Ten Tips: Tile

By Lila Edythe

Tile predates the idea of a Do It Yourself (DIY) project by many, many thousands of years. Glazed brick found at a temple in southwestern Iran has been dated to the 13th century BC. The most skilled of Mesopotamia’s tile craftsmen traveled around the Persian Empire practicing their art. It is only recently that ambitious homeowners have begun tackling tile projects themselves. “If you have access to the proper equipment, a small area of tile can be a great DIY project,” says Meghan Hanson, architect and founder of Natural Dwellings Architecture and a tile DIYer.

A week after Hanson weighed in, while standing in line at Ace Hardware, I overheard a thirty-something woman in front of me say, “It was the best and worst home project I ever did.” Even if she hadn’t gone on to specify that it was tiling that she was talking about, the grout embedded under her nails and in her hair gave it away.

Whether you’re looking for a project to do yourself or are ready to hire a tile professional, you should find inspiration in the following tips from three area designers/architects.

Kristin Fay of Trauner Fay Designs, and a member of the American Society of Interior Designers (ASID), remodeled This master bath for clients. “They wanted to stay true to the construction of their home and complement its hand-hewn reclaimed oak walls while making their master bath more modern with clean lines,” Fay says.


Photograph by Ryan Hittner

  1. A pebble-tile backsplash creates texture and adds variety while balancing the smooth features and finishes elsewhere in the room.

  2. The classic travertine tile in 24” x 24” squares grounds the room without competing against other elements, and it feels good on the feet.

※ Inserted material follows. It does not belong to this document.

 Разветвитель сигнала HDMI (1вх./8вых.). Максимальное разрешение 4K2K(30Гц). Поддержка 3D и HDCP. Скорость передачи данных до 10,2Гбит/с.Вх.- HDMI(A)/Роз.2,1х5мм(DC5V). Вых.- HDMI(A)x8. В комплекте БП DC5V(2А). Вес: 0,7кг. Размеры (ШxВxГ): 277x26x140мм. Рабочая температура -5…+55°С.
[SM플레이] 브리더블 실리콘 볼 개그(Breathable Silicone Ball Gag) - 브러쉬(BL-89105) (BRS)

  3. The shower’s straight, stacked tiles are subdued and understated, allowing the room’s more decorative tile to pop.

  4. Placing an organic tile like these pebbled ones next to an organized one like these honed travertine squares creates an interesting juxtaposition—balanced lines versus movement.

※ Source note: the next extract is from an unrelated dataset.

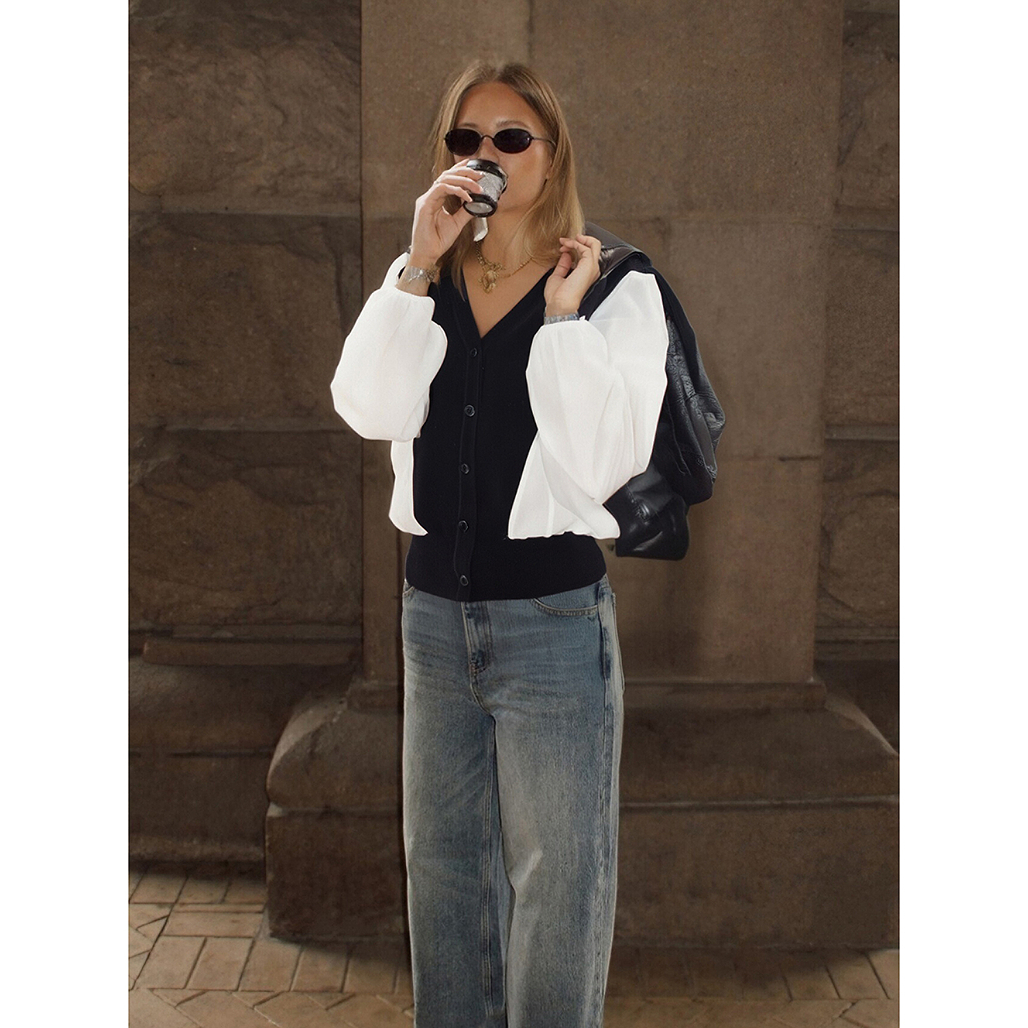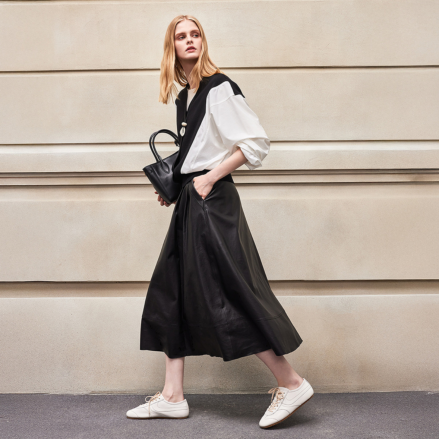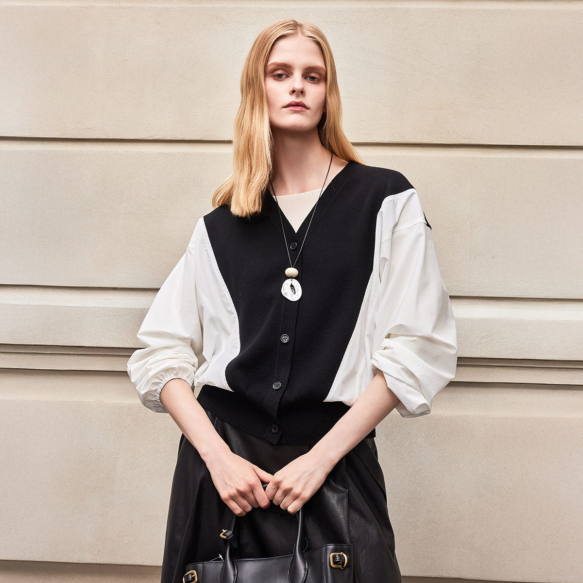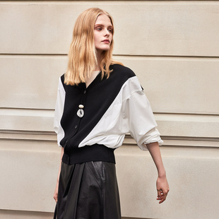 上衣 宽松黑白拼色设计感针梭拼接假两件女士针织衫 BCBG新款 时尚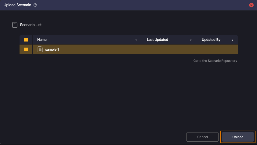 2. Upload Scenario 창에서 업로드할 시나리오 목록을 확인한 후 Upload 버튼을 클릭합니다.

  5. Fay brought the pebble tiles from the floor to the ceiling in the shower to carry interest upward and keep it exciting. The cap of the shower usually gets “left out,” Fay says. “I like to add detail and interest on a space that is sometimes forgotten.”

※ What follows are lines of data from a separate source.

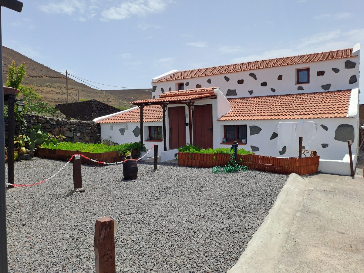 La vivienda se llama La Fuente El Rìo porque se encontraba una fuente con ese nombre. Esta ubicada en una finca de viña que se está rehabilitando y que se cultiva de manera ecológica. Hay ovejas, perros y gallinas que forman parte de la finca. Está céntrico, entre Valverde y Echedo. Podrás acceder desde ahí con facilidad a cualquier parte de la isla para visitarla.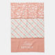Peach White Gray Floral & Diagonal Plaid Kitchen Towel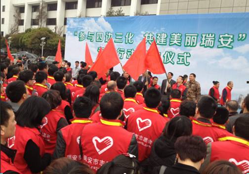 启动仪式上,市委副书记陈胜峰作重要讲话,他指出,本次活动的主题为“参与四边三化、共建美丽瑞安”,认真贯彻落实全市开展“百组千干破百难”活动,积极响应党的十八大号召,大力改善呈现环境面貌,为瑞安人民群众创建更加美好家园,积极整治重点环境,让家乡人民感受我们志愿者的热情和努力。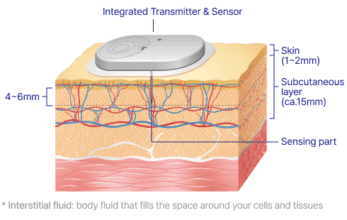 Glükoosisensor on väike, steriilne elektrood, mis asetatakse naha alla. Seal puutub ta kokku koevedelikuga, kus on glükoos ja hapnik. Sensoris toimub väike biokeemiline reaktsioon: glükoos reageerib ensüümiga, mille tulemusel tekib mõõdetav elektriline signaal.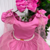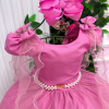 Tecido: Techno Sport Forro/ Tule: 100% PoliesterUm modelo digno de princesa, criado para transformar cada momento especial em um verdadeiro conto de fadas. Detalhes que encantam: Laço nas costas: um toque cheio de charme. Lastex ajustável: garante caimento perfeito e máximo conforto. Tule sobre os ombros: sofisticação e delicadeza em cada movimento. Cinto em pérolas: detalhe sutil que valoriza a cintura e completa o look.Perfeito para casamentos, aniversários e eventos onde sua pequena deve ser o centro das atenções.  Atenção: As medidas podem variar em até 2cm. Recomendamos sempre consultar a tabela de medidas antes da compra para evitar erros. Para um volume extra, indicamos o uso de saiote de armação, vendido separadamente na categoria acessórios. Tiara e outros acessórios não acompanham o produto, mas estão disponíveis em nosso site. Calçado vendido separadamente, disponível na seção de calçados.As cores do produto podem sofrer variações de tonalidade conforme a configuração da tela do seu dispositivo.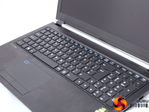 The 15.6in form factor provides enough room for the Chiclet-style keyboard to include a discrete numerical pad. It's a reasonable keyboard, although the action is a little shallow. The large trackpad offers discrete buttons, and a fingerprint reader in the top-left corner.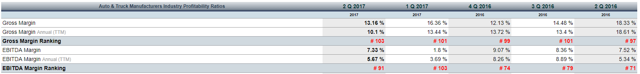 • Even if one were to make EBITDA a primary criterion, note that the 8% EBITDA number is what an AVERAGE auto manufacturer delivers with an average gross margin of around 15% (see image below)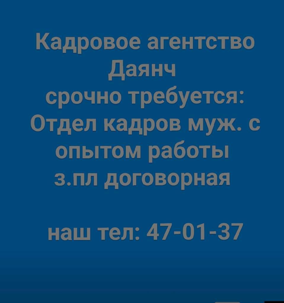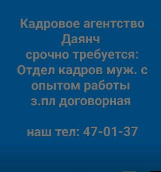 Кадровое агентство Даянч срочно требуется: Отдел кадров муж. с опытом работы з.пл договорная наш тел: 47-01-37

  6. Want to add interest but not color? Try using textured tiles.

Designer Agnes Bourne, ASID, says, “The finishes of an exterior and interior complete the forms started by the architecture. Tile fills an important function providing decorative, durable surfaces in high-traffic areas, guarding against water and abrasion damage.” Bourne’s new Jackson home, especially the master bathroom, is a perfect example of this.


Photograph by David Agnello

  1. Wyoming consists of wide-open spaces and beautiful, verdant landscapes; textures and varied colors are authentic to that. Heath Ceramics glaze differs from tile to tile within a single color range. Here the variation in Heath’s Heron Blue glaze provides visual depth and rhythm to an otherwise flat surface.

  2. Tile and stone combinations tell stories about natural and manufactured environments, and contrasting shapes and scale enliven the narrative and energize a room.

  3. Using cut stones native to an area’s geologic composition gives a natural connection to the outdoor environment and brings a sense of place inside a home. Various colors of pebbles offer color options for accessories such as towels and wall finishes.

  4. Natural stone like this slate can be used elsewhere—in the foyer, kitchen, and other heavy-use areas—as a functional, unifying element. When sealed, its surface and the grout lines become water- and wearproof. Install natural stone tile for maximum durability.

You’ll be hard-pressed to find a more colorful house than this Carney Logan Burke one in downtown. The heart of all of the colors—turquoise, bamboo, dark brown, aubergine, orange—are the glass subway tiles in the kitchen.

Photography by Audrey Hall

Photography by Audrey Hall

  1. Using a bold tile color can make a kitchen feel larger and give it more visual depth.

  2. A backsplash is the perfect place to play with color. Modwalls’ 3” x 6” lemongrass glass tiles pop here against neutral cabinets and counters.

  3. Look for unique places to use tile, like the exposed back of a kitchen island, but don’t go overboard. Because this kitchen’s backsplash already makes a statement, a neutral textural tile (Dune tiles by modularArts) was chosen for the island.

  4. Whether shopping at a local store or online, be sure to order sample tiles. This is especially important when using colored tiles. Place the sample in the space you plan on tiling to get an accurate idea of what it will look like.